:: EXERCISE BRIEF ::
An exact copy of the data is needed, but without any of its images.

:: AVAILABLE DATA ::
- Opening Delimiter -

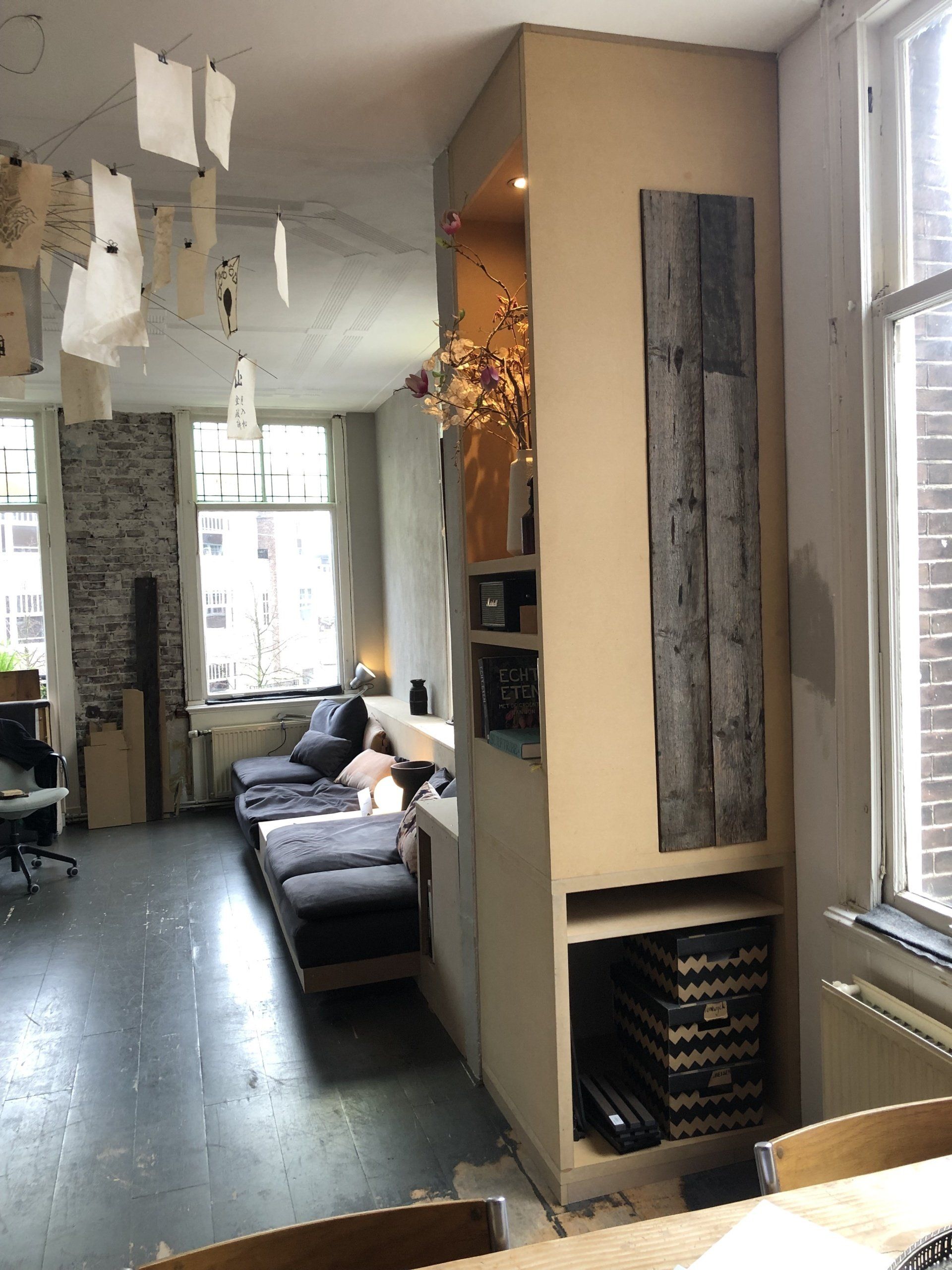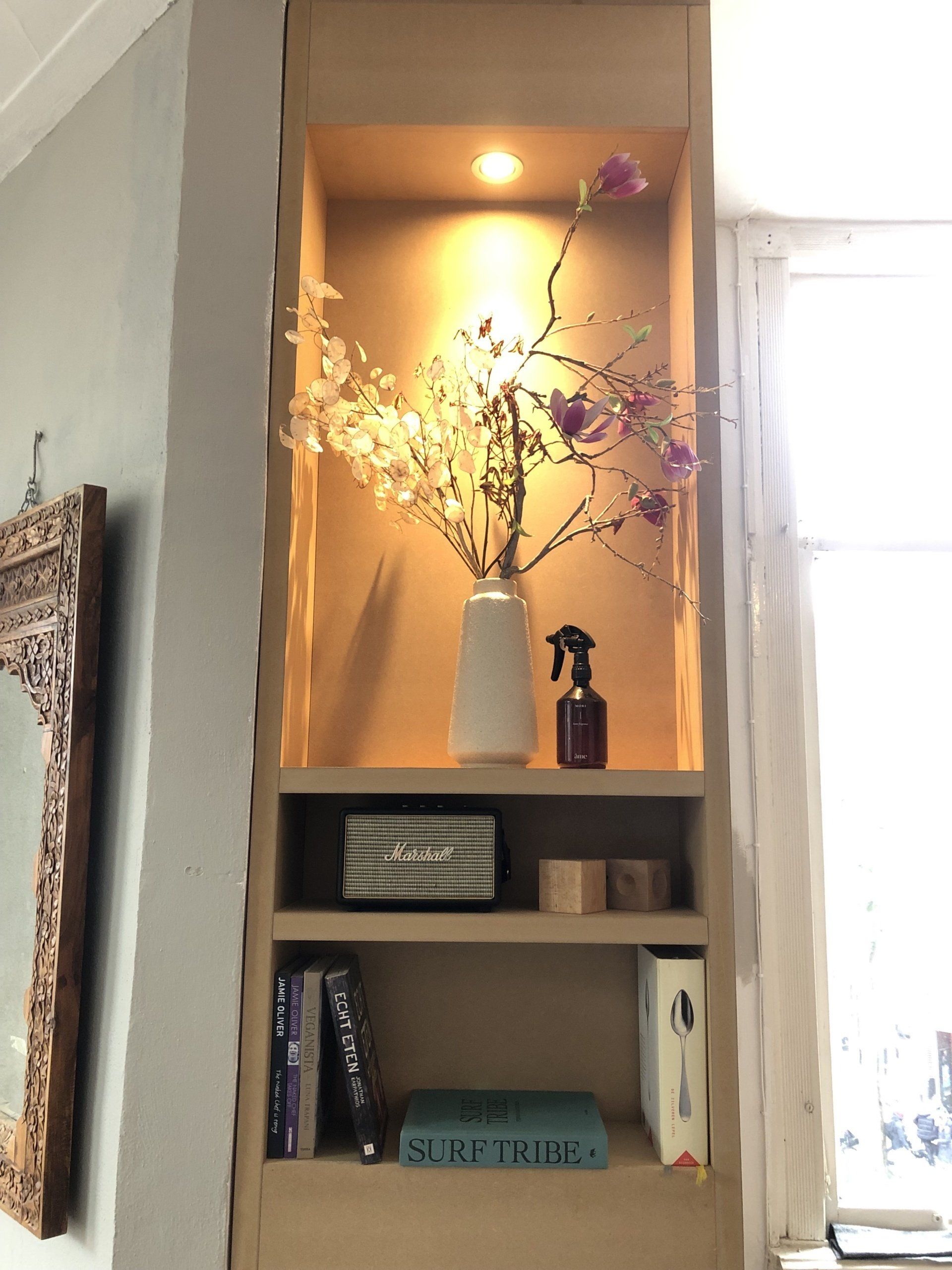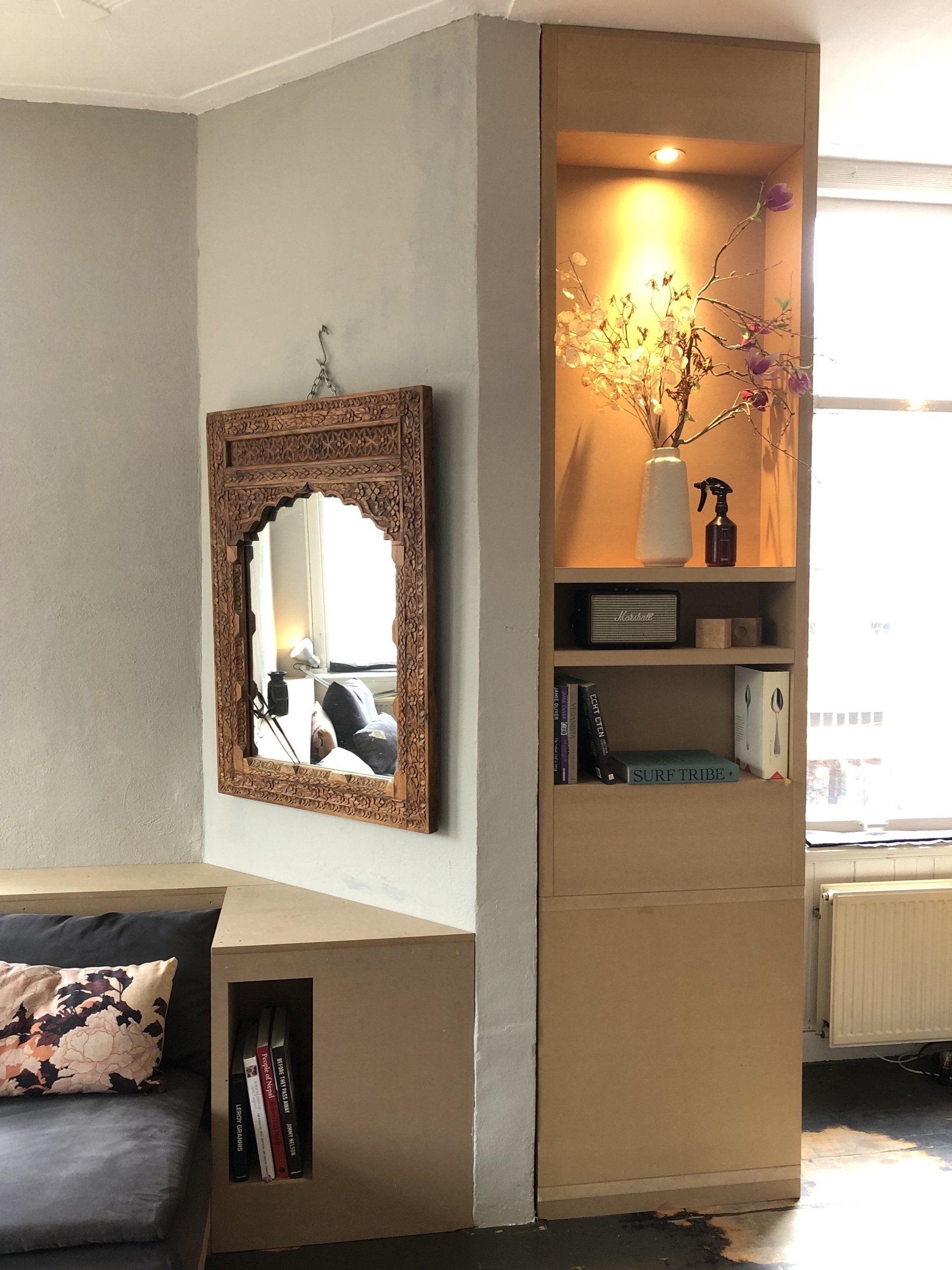 Interior designer Indigo&Wolff designed a cabinet and sofa for her home. It was my job to convert this design into material and build it. Both elements are custom made and fit exactly in all (crazy) corners of the house. The sofa seems to float, is an extension of the windowsill and hides the radiator with a heat-permeable rattan webbing grille. The cabinet is equipped with a spotlight to illuminate a beautiful object, has a drawer for storing papers and a pharmacy cabinet incorporated with a custom-made front from driftwood.
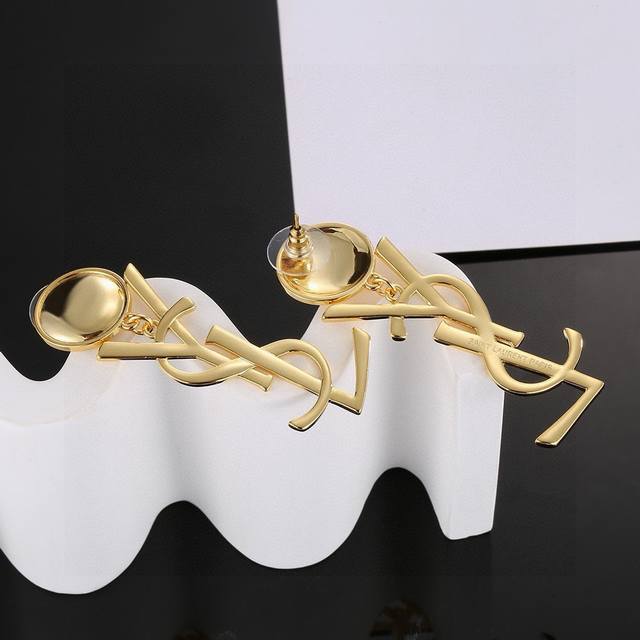 Ysl Saint Laurent earrings, original brass. Founded in 1961, Yves Saint Laurent's elegant, abstract, bold and unique design style has made it one of the most famous brands in the luxury fashion world. It leads the way in exquisite, fashionable and innovative French fashion styles.
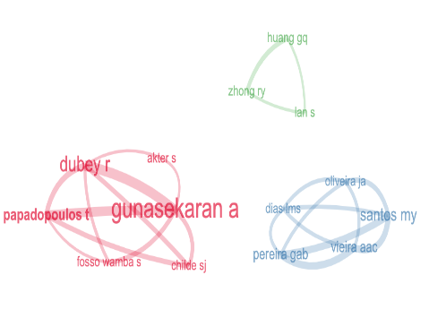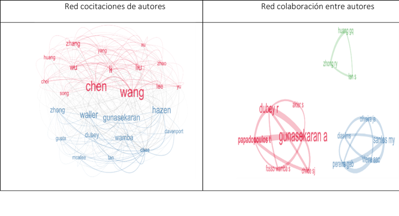 Fuente: elaboración propia.Dentro del procesamiento de la información se realizó una revisión de cocitaciones y la cooperación entre autores. En el proceso de elaboración de las redes se aplicó Bibliometrix, que utiliza los resultados obtenidos de las fuentes y cruza la información a fin de evidenciar la red en la que estos trabajan. Para el caso de big data se encuentran tres grupos en los que destaca el compuesto por Gunasekaran como autor más relevante en el tema dado por la cantidad de citaciones de sus publicaciones, acompañado de Papadopoulos, Dubey, Fosso, Childe y Akter, casi todos incluidos en la lista de los diez autores con más documentos publicados que los pone como una red de referente a las demás por el dominio del tema que en este grupo tiene. En otro de los grupos se hallan autores que conforman el top encontrando como principal a Santos, acompañado de Pereira, Viera, Dias y Oliveira. En el tercer grupo están los autores del continente asiático, representados por Huang, Zhong y Lang, lo cual se observa en la Figura 4.
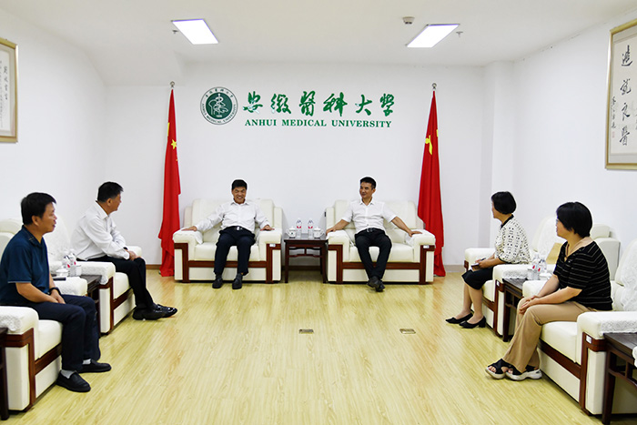 公共卫生学院党委书记马军成、执行院长王华陪同参观并参加座谈交流。(文/党委统战部 周丽娜 图/新闻中心 殷泽文)

- Closing Delimiter -

:: ANSWER TO THE EXERCISE ::
 Interior designer Indigo&Wolff designed a cabinet and sofa for her home. It was my job to convert this design into material and build it. Both elements are custom made and fit exactly in all (crazy) corners of the house. The sofa seems to float, is an extension of the windowsill and hides the radiator with a heat-permeable rattan webbing grille. The cabinet is equipped with a spotlight to illuminate a beautiful object, has a drawer for storing papers and a pharmacy cabinet incorporated with a custom-made front from driftwood.
 Ysl Saint Laurent earrings, original brass. Founded in 1961, Yves Saint Laurent's elegant, abstract, bold and unique design style has made it one of the most famous brands in the luxury fashion world. It leads the way in exquisite, fashionable and innovative French fashion styles.
 Fuente: elaboración propia.Dentro del procesamiento de la información se realizó una revisión de cocitaciones y la cooperación entre autores. En el proceso de elaboración de las redes se aplicó Bibliometrix, que utiliza los resultados obtenidos de las fuentes y cruza la información a fin de evidenciar la red en la que estos trabajan. Para el caso de big data se encuentran tres grupos en los que destaca el compuesto por Gunasekaran como autor más relevante en el tema dado por la cantidad de citaciones de sus publicaciones, acompañado de Papadopoulos, Dubey, Fosso, Childe y Akter, casi todos incluidos en la lista de los diez autores con más documentos publicados que los pone como una red de referente a las demás por el dominio del tema que en este grupo tiene. En otro de los grupos se hallan autores que conforman el top encontrando como principal a Santos, acompañado de Pereira, Viera, Dias y Oliveira. En el tercer grupo están los autores del continente asiático, representados por Huang, Zhong y Lang, lo cual se observa en la Figura 4.
 公共卫生学院党委书记马军成、执行院长王华陪同参观并参加座谈交流。(文/党委统战部 周丽娜 图/新闻中心 殷泽文)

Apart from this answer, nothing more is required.